U.S. District Judge Michael W. Fitzgerald in Los Angeles, in a written ruling yesterday, affirmed his earlier tentative decision from a Sept. 25 hearing.
“The parties here are comparing apples and oranges,” the judge said in the written ruling. “The piecemeal similarities that SmartMetric has identified in support of its claims do not change the fact that claims 1 and 14 of the ’464 patent are simply not practiced by defendants, and no reasonable jury could conclude otherwise.”
SmartMetric sued Visa and MasterCard two years ago, claiming they infringed its patent for a system for automatic connection to a network. The company claimed it was entitled to a royalty of 25 percent of the anticipated savings Visa and MasterCard would receive from a drop in credit and debit-card fraud by the introduction of so-called EMV cards in the U.S.
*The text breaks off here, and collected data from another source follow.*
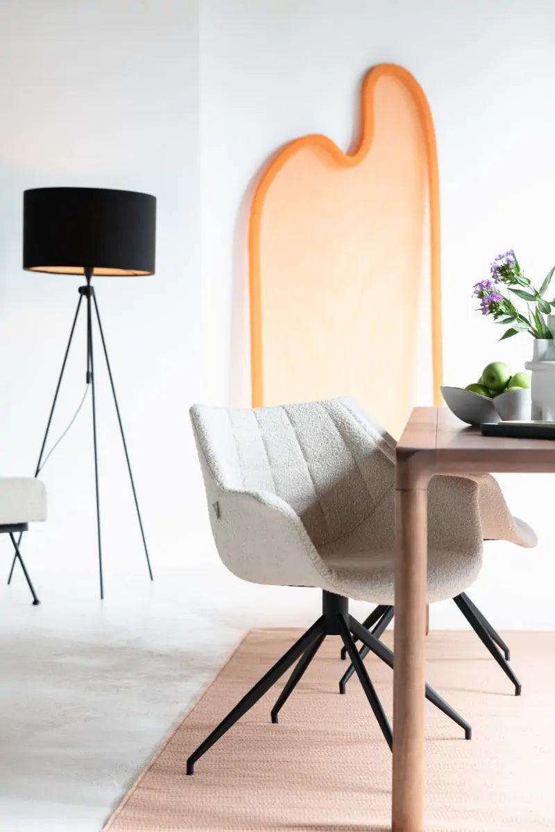 Otáčecí křeslo Doulton se skládá z minimalistické základny, která je spojena s prostorným sedadlem potaženým tkaninou bouclé. Funkčnost, pohodlí a útulnost v jednom.
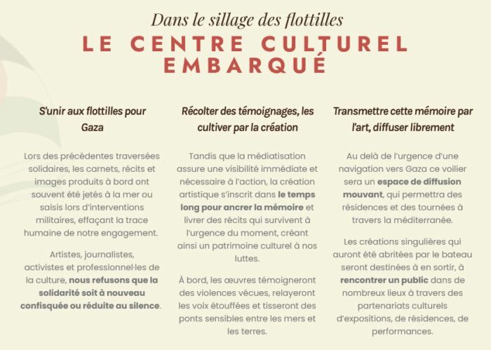 Nous lançons aujourd’hui un appel solidaire pour faire émerger un navire qui deviendra le Centre Culturel Embarqué : un lieu de création, de préservation et de transmission reliant les flottilles aux territoires palestiniens. Imaginons un voilier conçu comme un atelier mouvant, un musée flottant, un refuge pour les mémoires et un espace de co-construction artistique entre créateur·ices embarqué·es et artistes de Palestine.
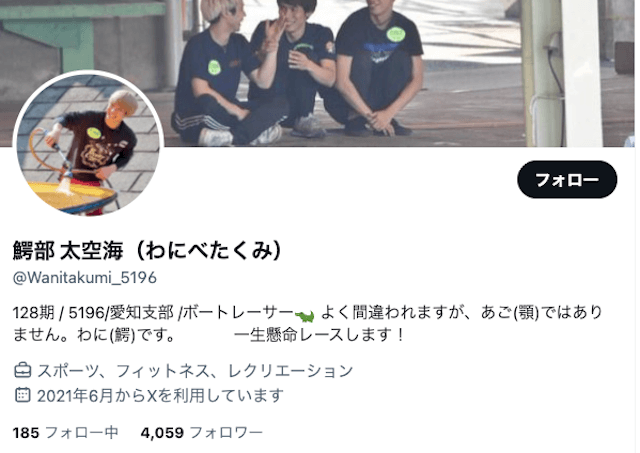 そこで、鰐部太空海のSNSを調べたところ、「X」 を利用していることがわかりました。

The EMV cards, which are already used in Europe, include a microchip instead of a magnetic strip to access a payment system. The SmartMetric patent pertains to the process by which the payment system selects a network for a card transaction, Patrick Bright, the company’s lawyer, said at the Sept. 25 hearing.
SmartMetric said in a statement today it will appeal the non-infringement ruling.
SmartMetric fell 4 cents, or 20 percent, to 16 cents, today in over-the-counter trading.
The case is SmartMetric Inc. (SMME) v. MasterCard International Inc., 11-cv-07126, U.S. District Court, Central District of California (Los Angeles).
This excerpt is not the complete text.